Saturday, December 17, 2011

Democrats' tough choice: shut down government or swallow GOP's bills

GOP-led House has approved a payroll tax cut for workers in 2012 and is poised to vote on an omnibus spending bill for this fiscal year. Democrats want changes to both, but they appear to have lost much leverage.?

As Washington braces for a possible government shutdown, House Republicans are racing toward a Friday vote on a $1 trillion omnibus spending bill. But make no mistake: This is political hardball, fast and furious.

Skip to next paragraph

?The 1,219-page bill, if also approved by the Senate and signed by President Obama, would avert a government shutdown after Friday, when a stop-gap measure for fiscal year 2012 spending, which began Oct. 1, runs out.

The snap vote also gives House Republicans a way out of town, leaving a gridlocked Senate and a president facing reelection in 11 months to accept this spending bill ? and its controversial policy riders ? or to shut out the lights.

?Winning a spending vote on Friday would also give House Republicans more leverage in negotiations with the Senate over extending a payroll tax cut that would benefit 160 million workers. The GOP-led House on Tuesday passed a bill that Senate majority leader Harry Reid (D) has declared ?dead on arrival? in the Senate ? and that Mr. Obama has already pledged to veto.
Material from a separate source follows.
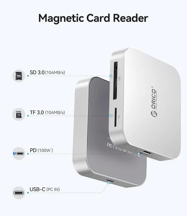 Supports SD/TF 3.0 : Max SD/TF read speed up to 104MB/s; dual-card simultaneous reading eliminates frequent card swapping and boosts creative workflow efficiency.Note: For mobile use, format TF/SD cards to exFAT on a computer first for proper function.

Democrats don't like how the bill would pay for extending the payroll tax cut through 2012, nor an oil pipeline project attached to the legislation.

Here's the advantage to the GOP strategy: Once House members leave Washington for recess, and hence are not available for future votes, the heat is on the Senate to accept the House version of the fiscal 2012 omnibus spending bill.?A darkened House also leaves the Senate with no option for extending the Social Security payroll tax cuts but to approve the House-passed version, which blocks key environmental regulations, forces an early decision on an oil pipeline that the White House had put off, and avoids raising taxes on the highest-income Americans.

The White House says Congress should pass another stop-gap measure, as it has seven times already this year.

?The president continues to have significant concerns about a number of provisions that have been reported to be in the Republican agreement on the omnibus,? said White House communications director Dan Pfeiffer, in a Dec. 14 statement. These include provisions that would undercut Wall Street reforms and environmental protections, as well as the president?s foreign policy prerogatives, he added.

?The omnibus spending bill completes work on the nine remaining annual appropriations bills, including Pentagon spending as well as controversial Labor-Health and Interior-environment bills.

It?s not clear that House GOP leaders can muster the votes in their own caucus to pass the giant spending bill. On Nov. 17, 101 House Republicans broke with GOP leaders to oppose a package of three fiscal 2012 spending bills, forcing GOP leaders to pass them with Democratic votes. These conservatives, mainly members of the Republican Study Committee, said the bills included too much spending.

Source: http://rss.csmonitor.com/~r/feeds/csm/~3/g72pt3RdXOM/Democrats-tough-choice-shut-down-government-or-swallow-GOP-s-bills

festivus festivus fast times at ridgemont high fast times at ridgemont high andrea bocelli john hughes panasonic lumix dmc lx5

No comments:

Post a Comment

Note: Only a member of this blog may post a comment.